**Available data:**

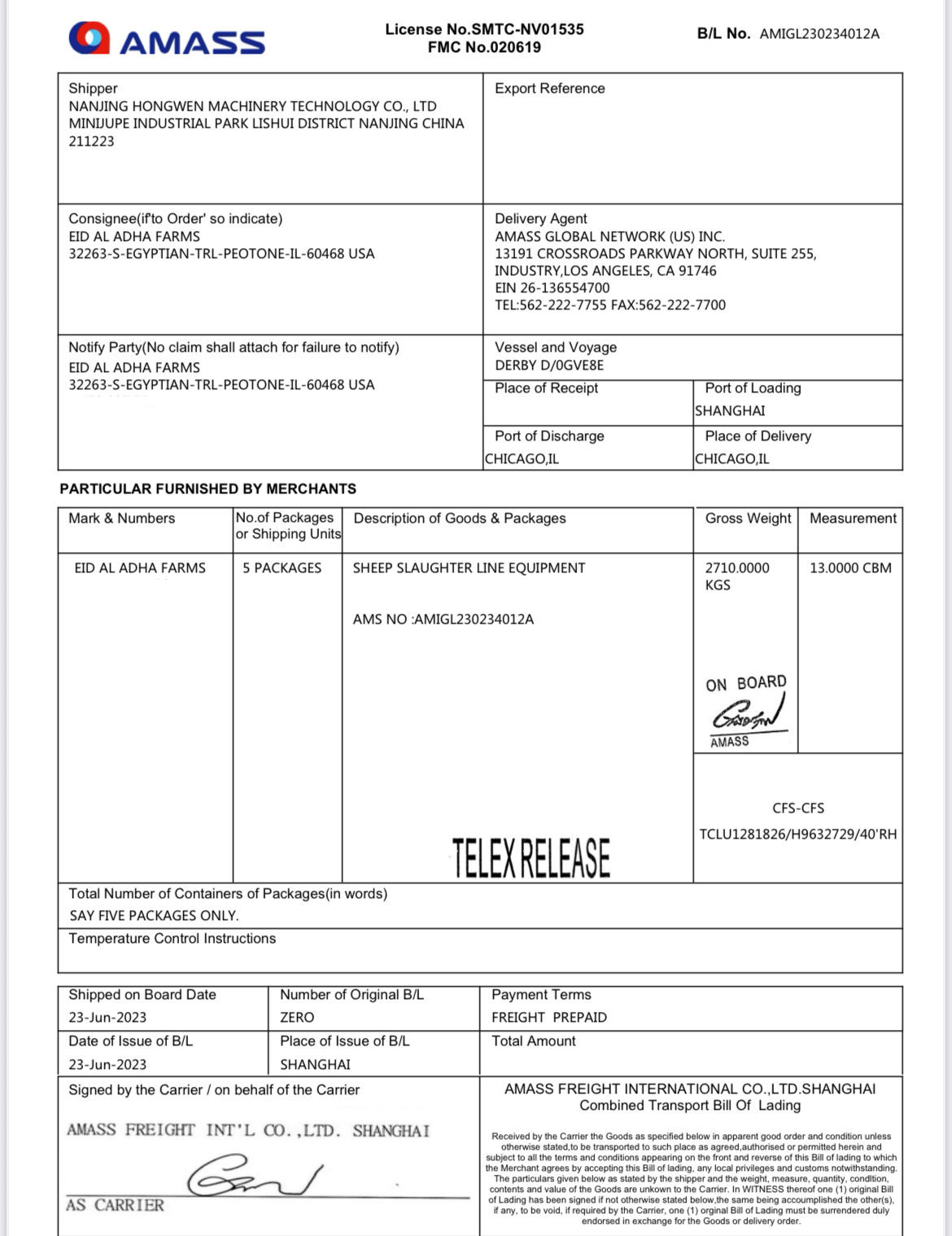 U.S. customer ordered sheep goat lamb abattoir slaughterhouse line equipment from Nanjing Hongwen Machinery Technology Co.,Ltd2025-08-06
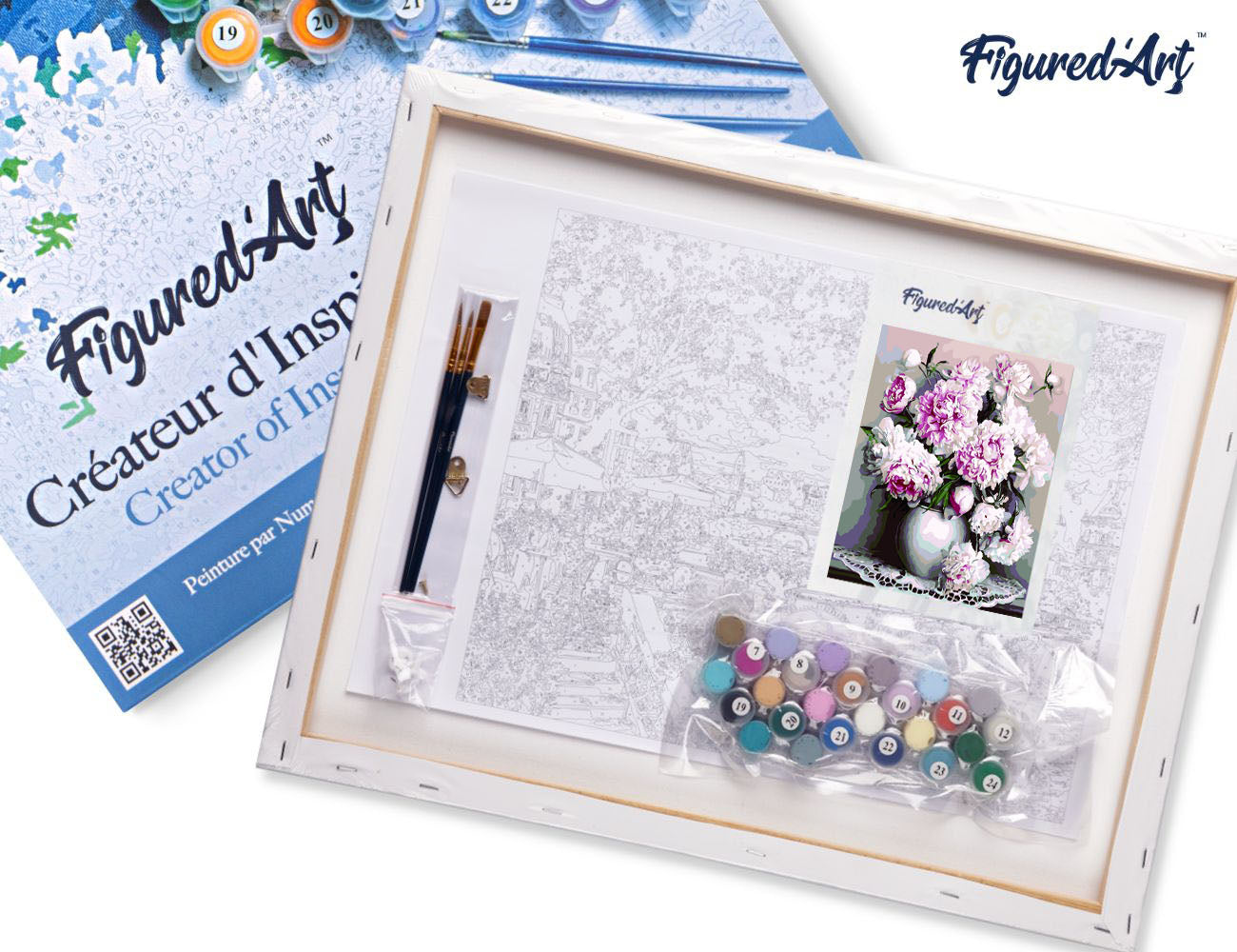 Malen nach Zahlen 40x50cm auf Keilrahmen gespannt Figured’Art Vase Pfingstrosen
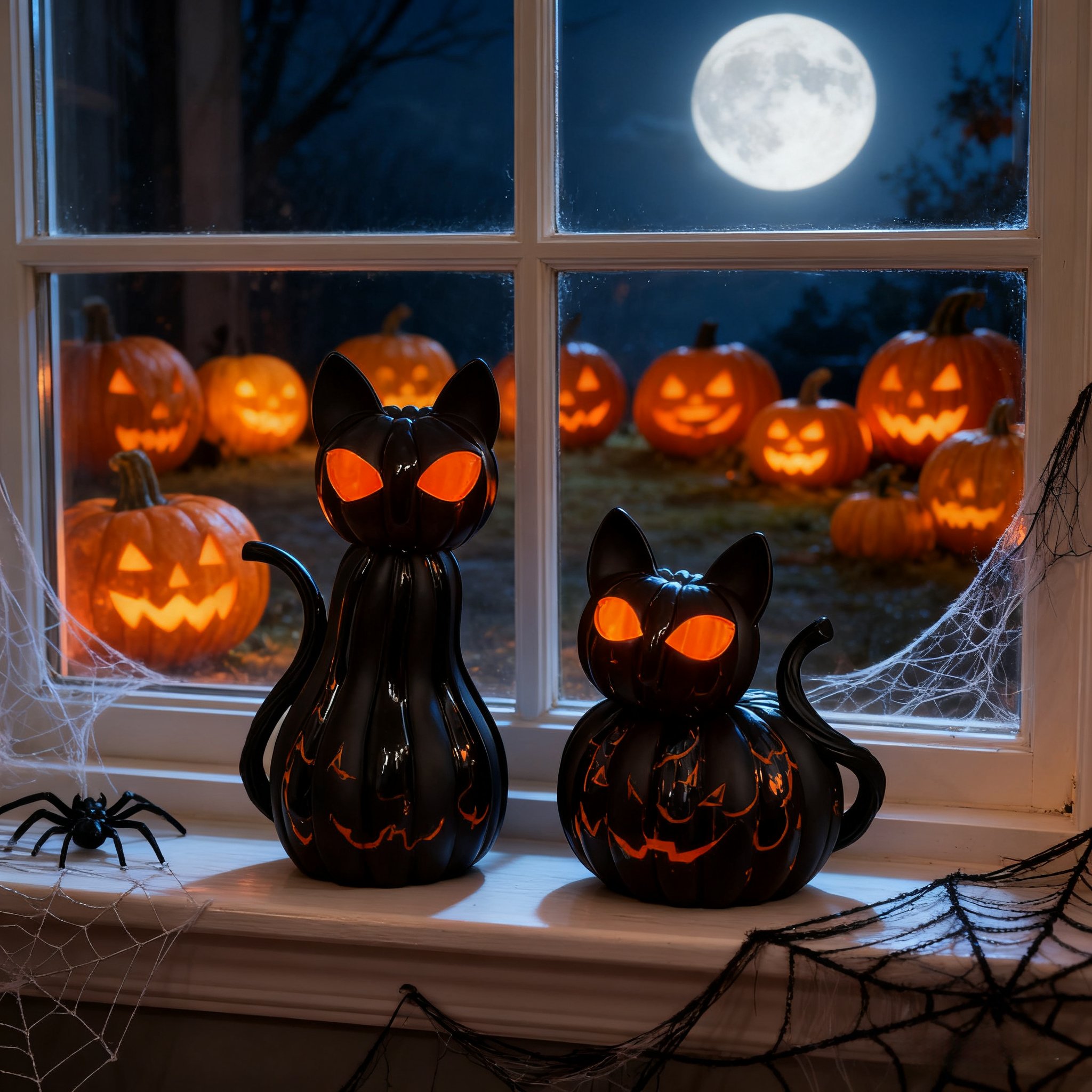 1 × Black Cat Pumpkin Figurine with glowing, color-shifting eyes
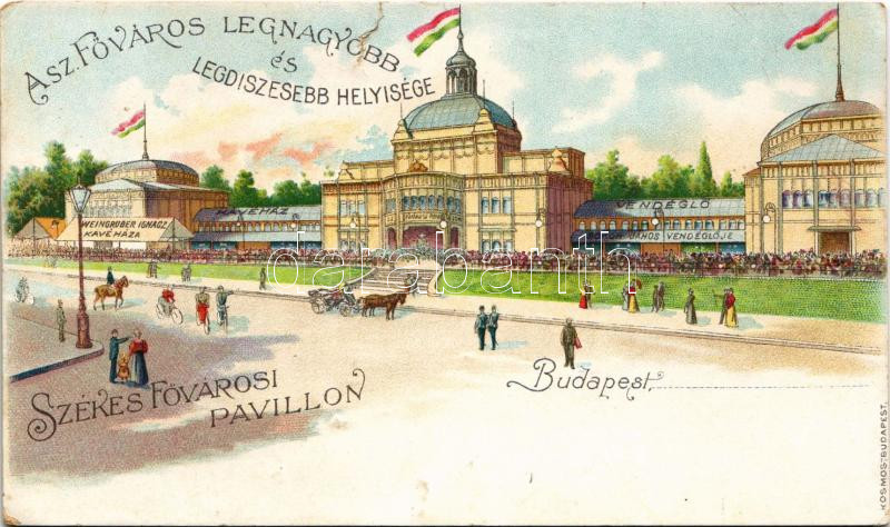 Leírás: Budapest XIV. Városliget, Székesfővárosi Pavilon, Bokor János vendéglője, étterem, Weingruber Ignác kávéháza, kerékpárosok, hintó. Kosmos litho (b)
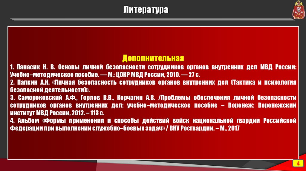 1. Панасик Н. В. Основы личной безопасности сотрудников органов внутренних дел МВД России:
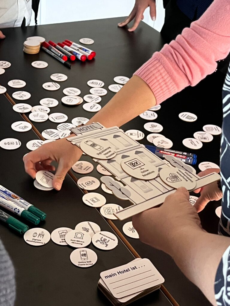 Ergebnis der Aufgabe war ein SMART Hotel Check. Nachdem alle Hotelbauenden Personen ihre Elemente ausgewählt haben, wurde mithilfe eines Drei-Stufen-Systems für die Bewertung von SMART Hotels, diskutiert und spielerisch erkannt, wie diese Elemente den Stand der Digitalisierung eines Hotels beeinflussen. Wir hatten einen anregenden Meinungsaustausch über die Auswirkungen der Digitalisierung auf Energieeffizienz, nachhaltige Planung und Gesundheit.
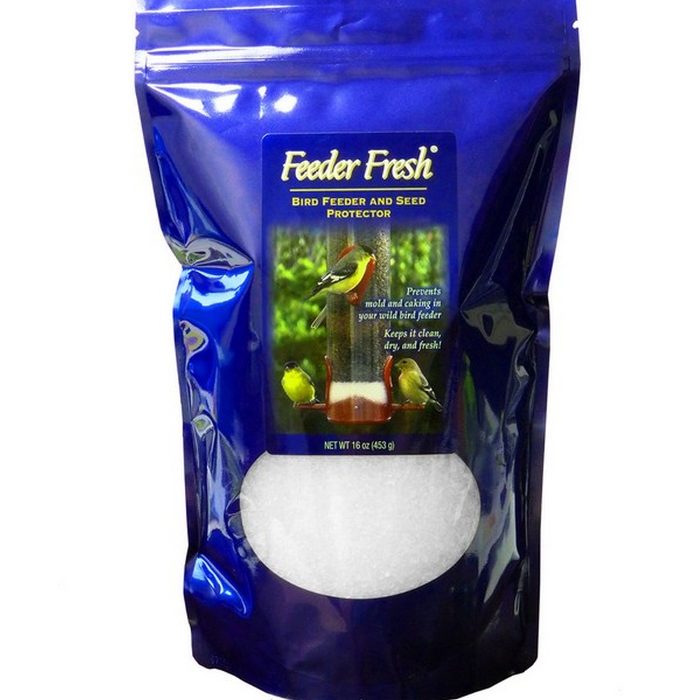 Clean and safe feeders. Easy for your customers. Healthy for the birds. Toxic mold in the feeder can be harmful to birds and people. Avoid it with Feeder Fresh. Re-closeable cobalt blue bag. 77% larger than the regular bottle and costs 20% less per ounce. Safe for wild birds! Feeder Fresh is made from sand, just very absorbent. The composition of Feeder Fresh is non-toxic, and contains essential elements naturally consumed by wild birds. Some of the most toxic compounds on earth are created by molds, and can cause harmful effects to birds and humans. Now there's a healthy solution stop mold from the start by using Feeder Fresh.
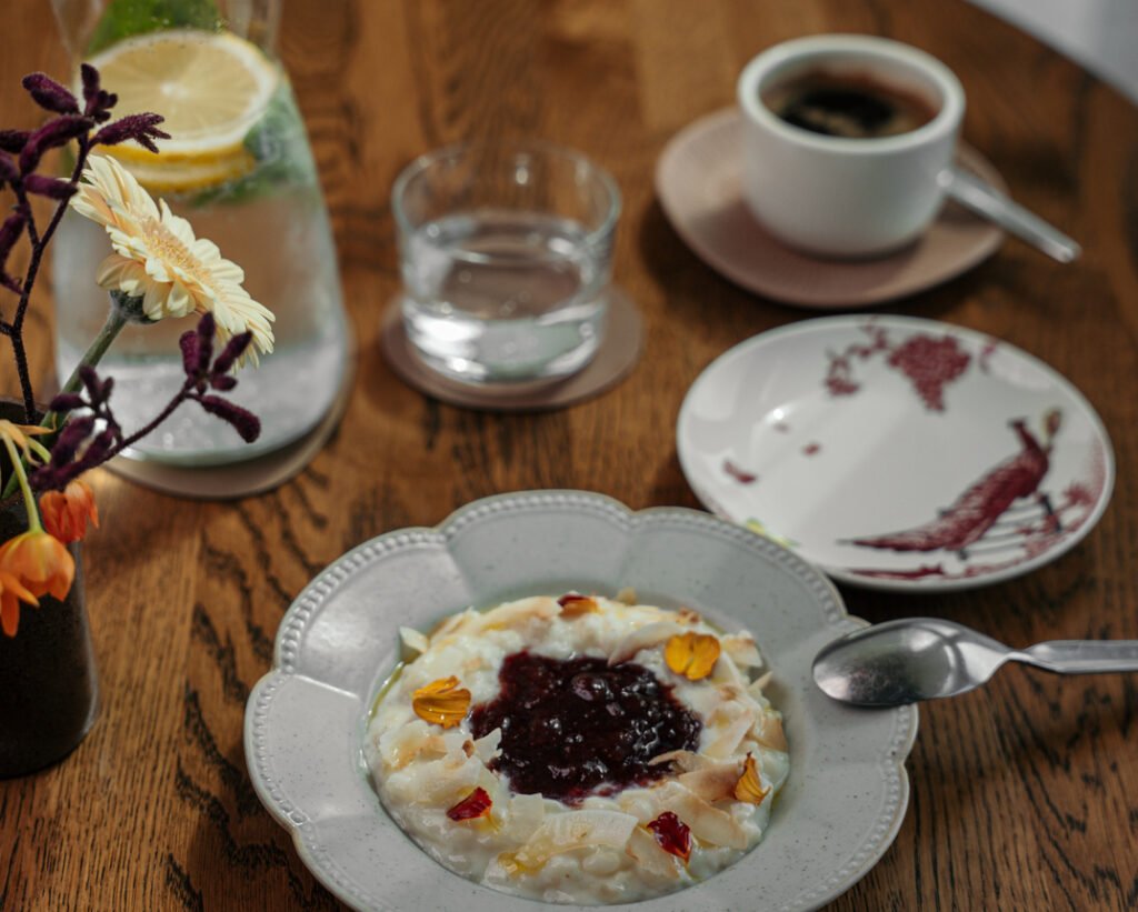 To finish, there is a creamy rice pudding with strawberry, toasted coconut and olive oil, priced at AED 40.
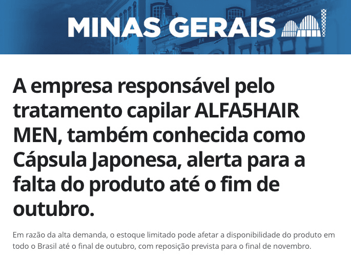 A empresa responsável pelo tratamento capilar ALFA5HAIR MEN, popularmente conhecido como Cápsula Japonesa, emitiu um alerta sobre a possível falta do produto até o fim de outubro. Devido à alta demanda, o estoque está se esgotando rapidamente em todo o Brasil. A reposição está prevista apenas para o final de novembro, o que pode gerar escassez temporária no mercado. Para quem busca combater a calvície com essa solução inovadora, a recomendação é garantir o tratamento o quanto antes.
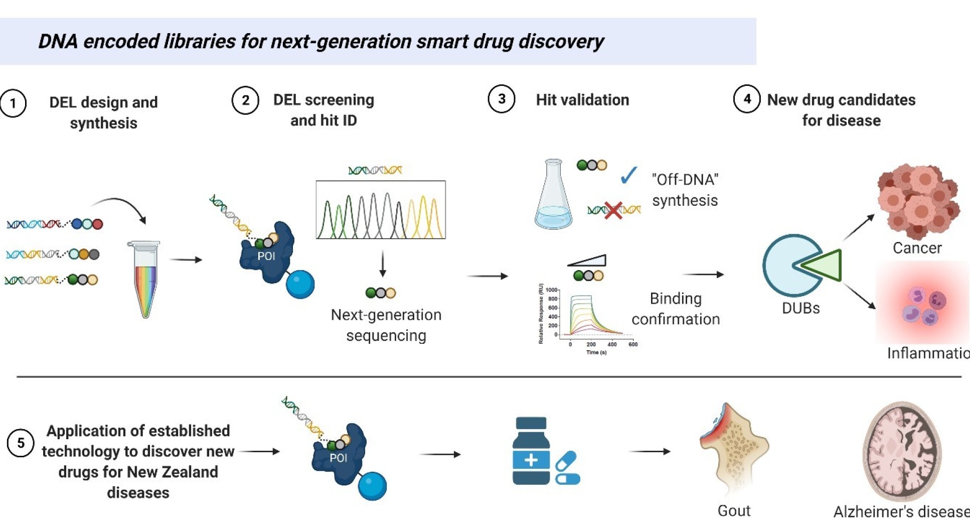 Daniel’s Hercus fellowship will establish a next generation, smart drug screening research programme at the University of Auckland, centred around DELs. DELs are a new high throughput screening technology that is faster, cheaper, and more convenient than conventional methods.
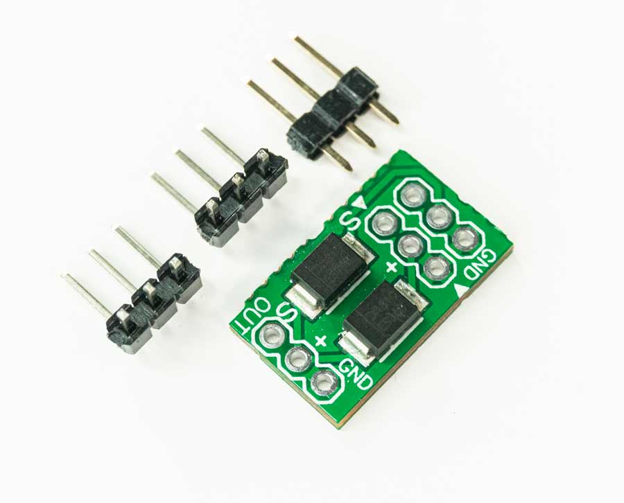 La entrada de voltaje puede ser de hasta 50 V, pero cada diodo puede soportar hasta 3 A, el uso normal será de 5 V y 1 A. Cuando las dos entradas están conectadas, la corriente se dividirá entre los dos diodos, si uno deja de funcionar, el otro seguirá suministrando corriente y el consumo total de corriente fluirá a través de un diodo.
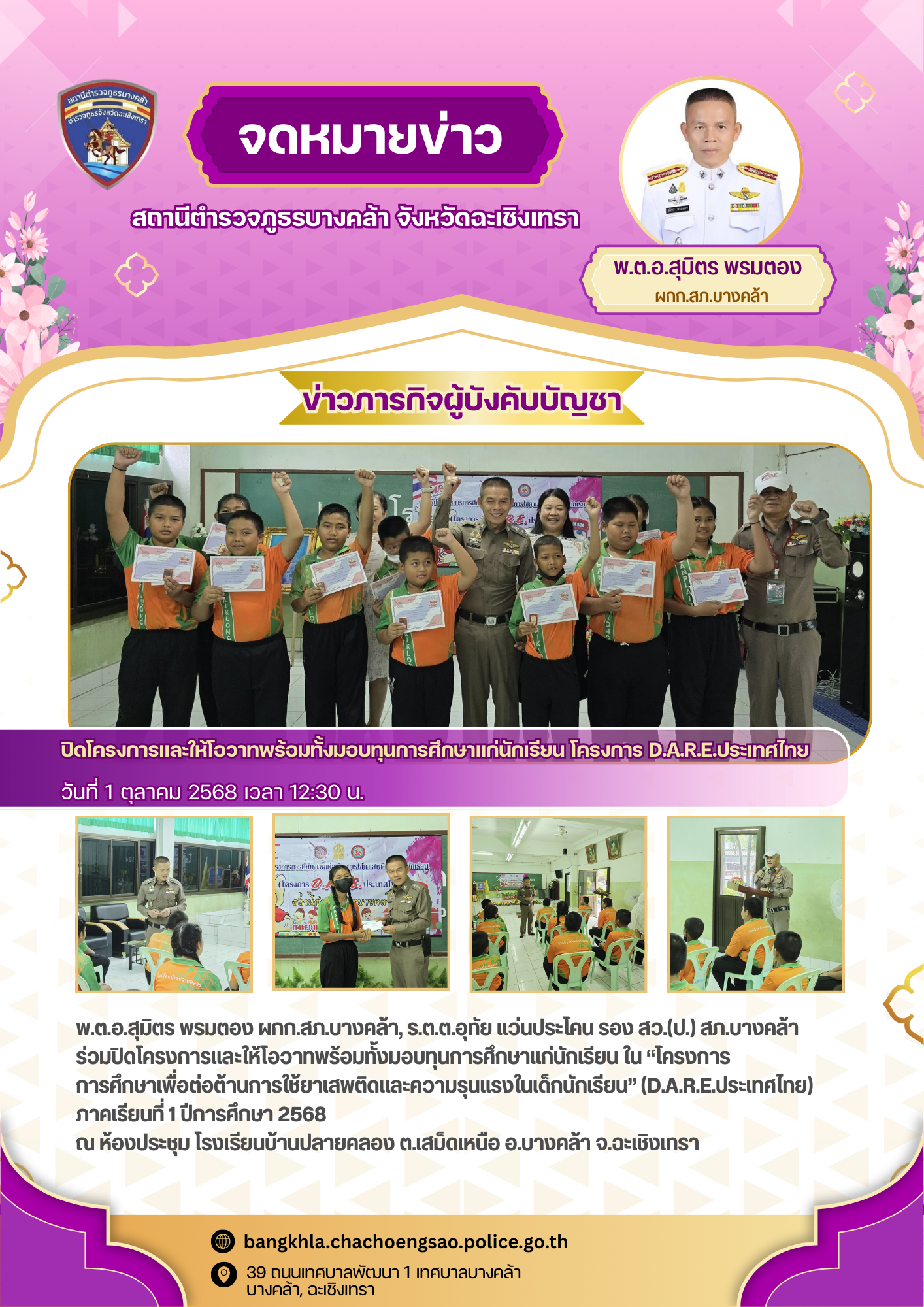 วันนี้ ( ๑ ต.ค.๒๕๖๘ ) เวลา ๑๒.๓๐ น. – พ.ต.อ.สุมิตร พรมตอง ผกก.สภ.บางคล้า, – ร.ต.ต.อุทัย
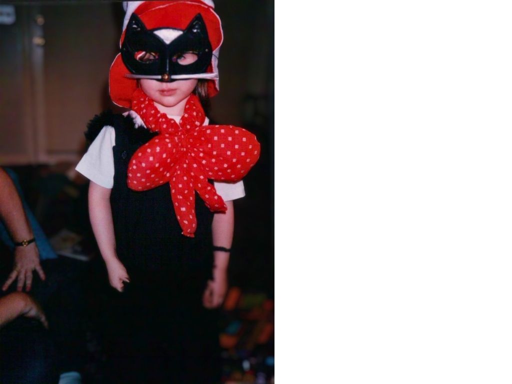 My mom sewed a Cat in the Hat costume complete with a hat she made out of red and white felt. She also sewed a giant red bow just like the character. My sister loved playing dress up with princess dresses, tutus, and animal mask, so this was fun for her! Here is a similar idea.
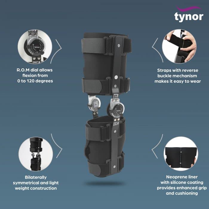 Generic - ار.او.ام دعامة الركبة 56 سم تتحكم وتحد من درجة انثناء مفصل خلال نظام تثبيت متعدد النقاط للسماح بنطاق الحركة أو تجميد أكريلونيتريل بوتادين ستايرين، مقاس واحد
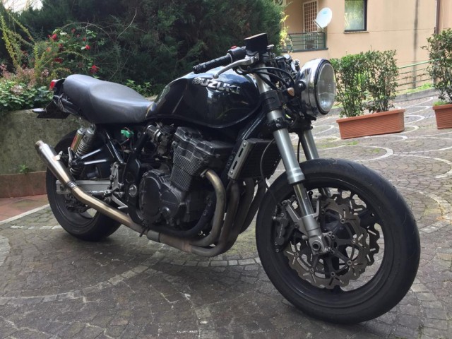 e i freni a steli rovesciati e tolto il codino (voleva tagliarlo per farne una cafe racer) e anche le carene laterali son state rimosse
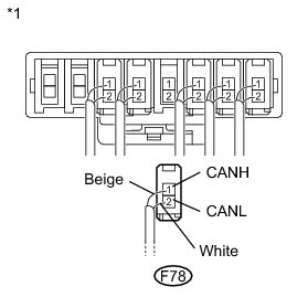 (c) While observing the resistance value shown on the tester, disconnect branch wire connector (except F74 and F78) from the CAN No. 6 junction connector until the resistance becomes normal (6 kOhms or higher (for +B short) or 200 Ohms or higher (for ground short)).
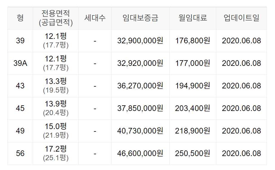 임대보증금 및 월 임대료는 입주자 모집공고일 기준이며, 보증금 최대 전환 시 변동될 수 있습니다.

**Directions:** Skip the pictures. Return exactly the lines from the one containing "My mom sewed" through the end of the data above, both included, and nothing besides.

**Answer box:**
 My mom sewed a Cat in the Hat costume complete with a hat she made out of red and white felt. She also sewed a giant red bow just like the character. My sister loved playing dress up with princess dresses, tutus, and animal mask, so this was fun for her! Here is a similar idea.
 Generic - ار.او.ام دعامة الركبة 56 سم تتحكم وتحد من درجة انثناء مفصل خلال نظام تثبيت متعدد النقاط للسماح بنطاق الحركة أو تجميد أكريلونيتريل بوتادين ستايرين، مقاس واحد
 e i freni a steli rovesciati e tolto il codino (voleva tagliarlo per farne una cafe racer) e anche le carene laterali son state rimosse
 (c) While observing the resistance value shown on the tester, disconnect branch wire connector (except F74 and F78) from the CAN No. 6 junction connector until the resistance becomes normal (6 kOhms or higher (for +B short) or 200 Ohms or higher (for ground short)).
 임대보증금 및 월 임대료는 입주자 모집공고일 기준이며, 보증금 최대 전환 시 변동될 수 있습니다.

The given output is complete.